NY prison inmates suffered beatings, retaliation after historic escape – report

NY prison inmates suffered beatings, retaliation after historic escape – report

After two inmates escaped from Clinton Correctional Facility, those who stayed endured a “campaign of retribution” by correctional officers, with dozens reporting secret beatings and other abuses, according to a New York Times report.

Richard Matt and David Sweat, convicted killers who shared a cell in the maximum security prison in New York, broke free on June 6. Their escape triggered a massive manhunt, which resulted in Matt killed and Sweat injured and captured three weeks later.

Prison worker Joyce Mitchell was arrested and pled guilty to providing the tools that allowed Matt and Sweat to cut through their cell wall and get away. Another faces criminal charges over contraband while nine officers have been suspended and the leadership of the prison has been removed in the wake of the escape.

READ MORE: 64 tied bed sheets: NY jail uncovers daring escape plot

But in the days after Matt and Sweat left the facility it was their fellow inmates who suffered at the hands of correctional officers, the New York Times reported. Dozens reported being handcuffed and beaten by officers demanding information about the escape.

One prisoner, Patrick Alexander, was handcuffed and taken to a broom closet, where three corrections officers he didn’t know interrogated him, he told NYT.

“The officer jumps up and grabs me by my throat, lifts me out of the chair, slams my head into the pipe along the wall,” he said. “Then he starts punching me in the face. The other two get up and start hitting me also in the ribs and stomach.”

When he repeatedly denied having any information, the officer conducting the interrogation threatened to waterboard him, he said.

Victor Aponte worked in the prison tailor shop, where Matt also had a job. He described undergoing a similar interrogation, saying one guard tied a plastic bag around his neck and used it as a hanging noose.

“I don’t know how long he hung me up like that because I passed out,” he wrote in a letter.

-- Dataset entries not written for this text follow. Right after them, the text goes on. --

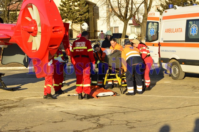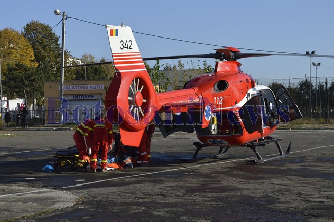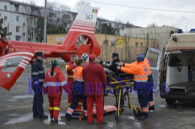 O femeie, aflată în stare gravă, a fost transportată, miercuri după amiază, cu un elicopter SMURD la Iaşi. Maria Rohozneanu, de 72, din Copălău a suferit un infarct, iar medicii botoşăneni au solicitat elicopterul pentru transportul la Iaşi. Aparatul de zbor a preluat pacienta de la poligonul ACR şi a transportat-o la Iaşi.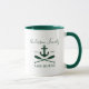 Styliste Script Nautical Lake House Ancre Oars Nom de famille Forêt Mug vert et blanc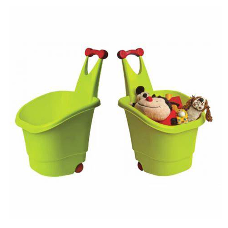 Practical plastic trolley for collecting and transporting toys. Equipped with plastic handle and wheels. Trolley dimensions 43 x 42 H 60 cm.

Several inmates were denied medical care after the interrogations and were later bullied out of reporting how they sustained their injuries, the report said.

Clinton inmates were also subjected to harsh reprisals by the authorities. Dozens were transferred from the privileged “honor block” of the Clinton Correctional, where Matt and Sweat lived, to solitary confinement or other prisons. Others were stripped of privileges that they had earned by years of good behavior. Unlike prison staff, no inmate was found linked to the escape, the newspaper commented.

Over 60 inmates have filed complaints with Prisoners’ Legal Services of New York, an organization that assists prisoners, the newspaper said. A letter making similar allegations was sent last month to state corrections officials by an inmate council at the facility.

The state corrections department launched an investigation into the allegations, pledging that “any findings of misconduct or abuse against inmates will be punished to the full extent of the law.”